In today’s society, sending children to school can cause anxiety and fear among parents. To curb these fears and return to classifying schools as safe environments a conference was held to better secure our schools and children.
PENNSYLVANIA STATE | To find solutions to targeted violence in schools a school safety conference was held by several Pennsylvania agencies. The conference discussed school safety investments, mental health support, and building a stronger culture. The conference was open to first responders, law enforcement, school staff, and social health experts.
“Schools are safe spaces for learning, development, and socialization, so it is critical that we provide the resources and supports that our school communities need to keep students and teachers out of harm’s way,” said Acting Secretary of Education Eric Hagarty. “By prioritizing mental health services in conjunction with investments and prevention efforts, we can ensure that students are free to learn, grow, and thrive in a protected and secure environment.”
The Pennsylvania Governor’s Office of Homeland Security (GOHS), the Pennsylvania Department of Education (PDE), and the Pennsylvania State Police (PSP) were the state agencies involved in the conference. Keynote speaker of the conference, Eric Garner, gave his accounts of the February 14, 2018 school shooting and shared his experiences working in with the Miami-Dade County emergency response team.
This year, $8 million has been awarded to 303 local education agencies (LEAs) through Safe Schools Targeted grants. This funding is to be used to purchase equipment, conduct new programs, and hire new security and resource officers. These grants are aimed to promote an environment of safety and productivity while also enhancing anti-violence efforts in the school, community, and local government.
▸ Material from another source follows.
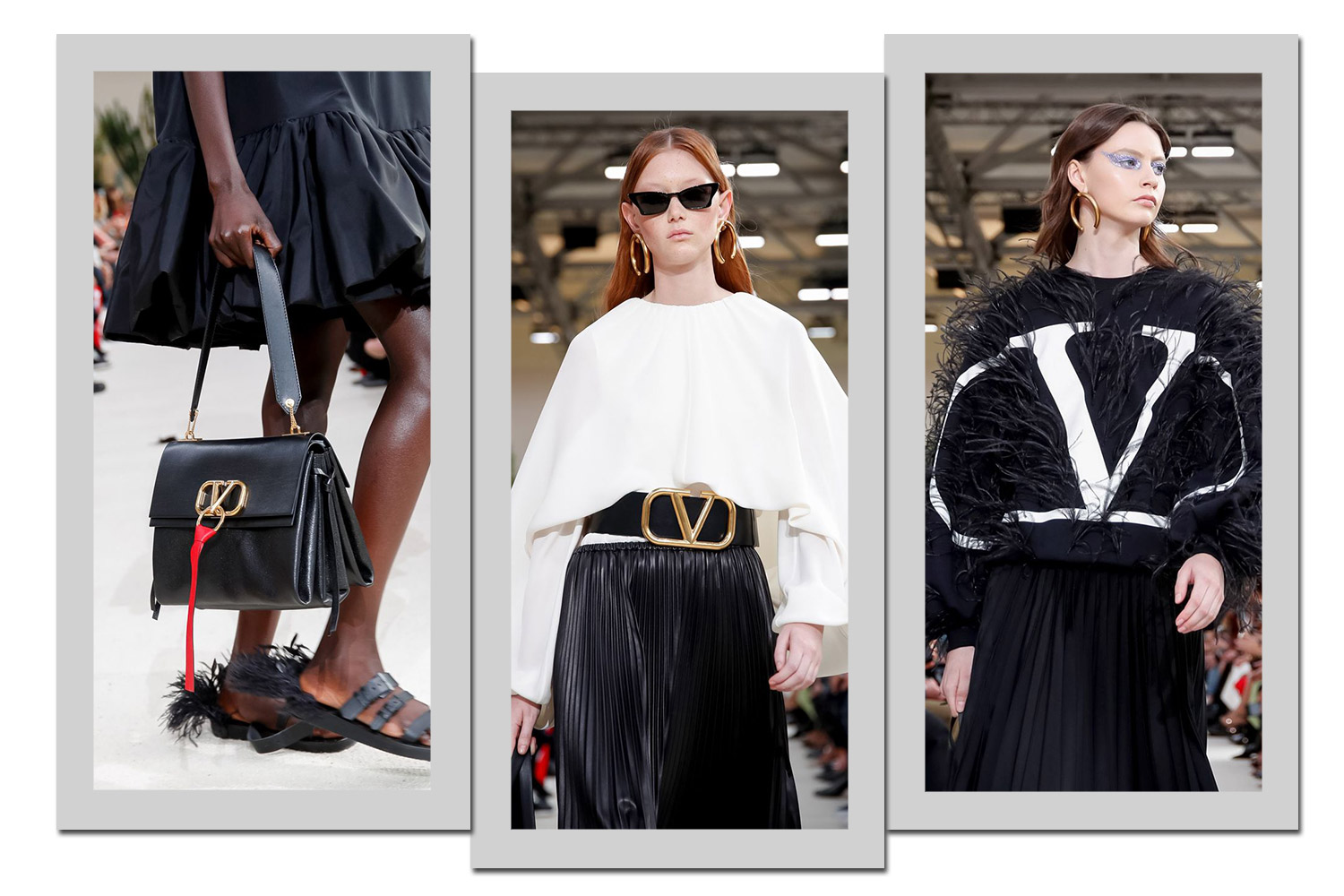 A logomania da Valentino é bem discreta. O “V” símbolo da grife aparece principalmente em acessórios, como cintos e bolsas, e decora dos moletons da temporada.

These grants are offered by the PDE Office for Safe Schools under four categories – equipment grants of up to $25,000; program grants of up to $20,000; School Police Officer (SPO) grants of up to $40,000; and School Resource Officer (SRO) grants of up to $60,000.
“Our federal, state, and local law enforcement and educators work tirelessly every day to communicate and educate the public on the prevention and protection of our school-aged children,” said Acting Homeland Security Director Kristin Daniels. “This conference brought together experts in their field, such as the FBI on their threat assessment and threat management work throughout Pennsylvania, PSP’s Heritage Affairs Section on hate crimes in the state, PSP’s Risk and Vulnerability Assessment Team on assessing physical security for school facilities, and the U.S. Secret Service’s National Threat Assessment Center on averting targeted violence. Attendees were also provided with a very timely and poignant presentation from the Capital Area Intermediate Unit on building communities of belonging, care, concern, and commitment.”